No Child Left Behind, but none brought forward either
Texas education miracle wasn't
Education in Texas was the recipient of boxcar loads of attention a few years ago. When it was in the news, it played to the tune of a mariachi band. George W. Bush rode into the White House, or at least into the Supreme Court, partly because he claimed mastery of one of the major domestic dilemmas in the country -- the failure of our schools to teach and graduate more literate people. Bush then appointed the man he claimed had shepherded the Texas education miracle, Rod Paige, U.S. secretary of education. Now, cue the violins. The truth about the alleged miracle has emerged. The 'miracle' seems to have consisted of frauds on several levels.
The Houston Chronicle reports the Texas has the highest proportion of dropouts in the country, and, it is not improving.
For the second straight year, Texas has the lowest percentage of high school graduates in the nation, according to a U.S. Census Bureau study released Tuesday.
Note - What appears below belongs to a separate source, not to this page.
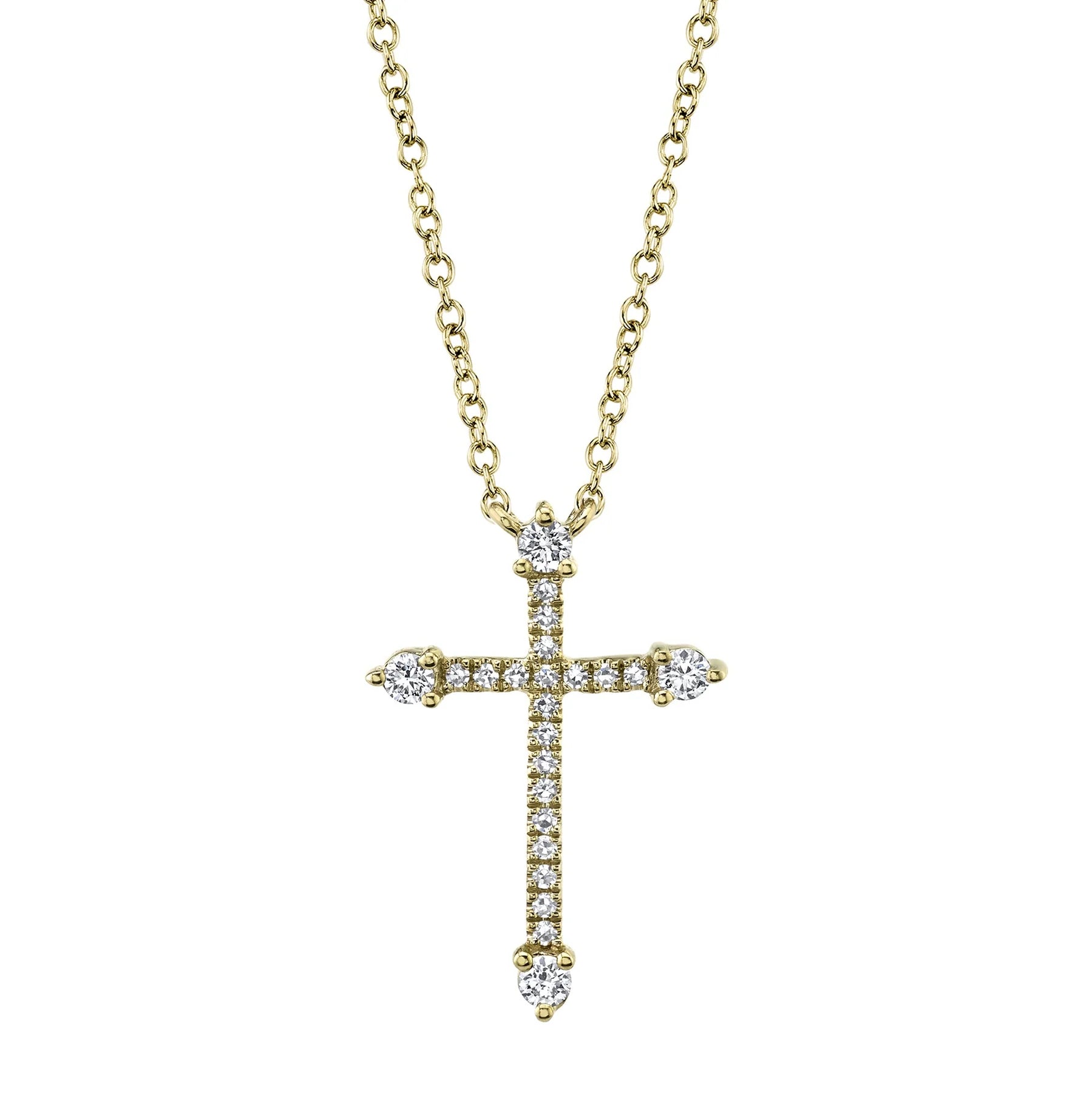 Our 0.17ct Round Cut Diamond Cross Necklace in 14k gold showcases exquisite diamonds, ensuring your necklace shimmers with brilliance and sparkle. Meticulously crafted, this cross necklace is a symbol of both faith and sophistication, gracing your neckline with unmatched elegance.

Seventy-seven percent of Texans age 25 and older had a high school degree in 2003, the same percentage as a decade earlier, when Texas ranked 39th in the country. So while other states have seen their graduation rates improve -- a record 85 percent of Americans have high school degrees -- Texas is treading water.
Let me state on the front page here that anyone that want to bring me grief because I link to any particular person should not even consider complaining. Just keep stepping.